The categories include: Whether campaign contributions influenced the decision to grant the Solyndra loan guarantee; White House involvement in the decision to offer conditional and final approval of the loan guarantee; and involvement by the White House to restructure the loan in February in such a way that ensure private investors would be repaid before the taxpayer if Solyndra went under.


An interesting piece of news, according to Fox News, was found within e-mail communications among Obama administration officials. Dan Carol, a former issues adviser in Obama’s campaign  said that Energy Secretary Stephen Chu was a brilliant man but “not perfect” for other critical DOE missions, including creating jobs:

The emails were released late Friday by the government in response to a subpoena by House Republicans, who are investigating a $528 million federal loan received by Solyndra Inc. of Fremont, Calif. The firm later went bankrupt and laid off its 1,100 workers.

A White House spokesman said Friday the plan to oust Chu was not taken very seriously.
Dan Leistikow, a spokesman for Chu, called Carol “an activist with an agenda” and said his email was not solicited by the White House. His suggestion about Chu was not taken seriously, Leistikow said.

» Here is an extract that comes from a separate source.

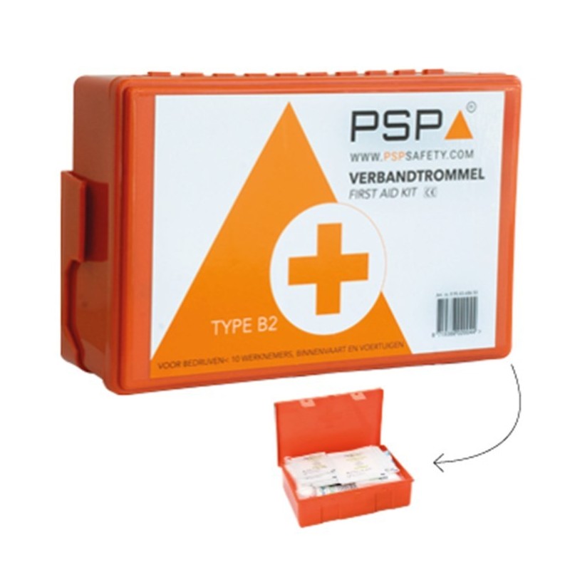 Het PSP 43-686 First Aid Kit, Type B2 (bedrijf) is een verbandtrommel met een stevig kunststof wandhouder. Deze First Aid

Rouse, in a March 14 email to Deputy Chief of Staff Nancy-Ann DeParle, passed along Carol’s proposal, saying he was “not that interested in Dan’s criticism of Secretary Chu,” but said Carol was smart and shared the president’s views on energy policy. Rouse asked White House officials to comment on Carol’s analysis of the administration’s energy policy.
In the three-page email, Carol said Chu should be reassigned as chief scientist at Energy, where he could “reinspire and reorganize” DOE’s labs.

In a previous post on the Water Cooler blog on October 4, I posted an interview we had with Secretary Chu’s deputy at the Energy Department, Daniel Poneman. We asked Mr. Poneman if Secretary Chu would be submitting his resignation to the president over the Solyndra loan controversy, but Poneman refused to answer. President Obama already said he had “full confidence” in the abilities of Secretary Chu. 

However, two days after we tried speaking with Poneman, Jonathan Silver, head of the Energy Department’s loan guarantee program did resign

As far back as July 2010, The New York Times reported that Chu would likely have problems in Washington:

Dr. Chu has admitted his naïveté on certain policy questions, like OPEC production quotas, and is still getting used to the scrutiny that comes with a cabinet job. At the same time,  he is struggling to get his arms around one of the most perplexing and intractable bureaucracies in Washington and to efficiently disperse what remains  of $39 billion in funding from the stimulus package with virtually no top-level support.

Some of the department’s top appointed positions remain unfilled, leaving him largely reliant on career staff members to manage 114,000 employees and contractors and a budget that has more than doubled this year. The task at times appears overwhelming, and some in Washington quietly wonder if Dr. Chu is in over his head.

Yet as he takes on one of the toughest policy and management challenges in government, he brings certain assets that none of his peers or predecessors have had: a Nobel Prize, a YouTube following (for his lectures on climate change) and an unofficial theme song (“Dr. Wu” by Steely Dan). He is a major celebrity in Taiwan, where scientific achievement is rewarded with rock star status. He is a member of Academica Sinica, Taiwan’s most distinguished scholarly society, as was his father.

Could Chu be on his way out? Why did the White House drop that e-mail in the document dump on Friday is the real question right now. Secretary Chu will be testifying before Congress about the Solyndra loan on November 17.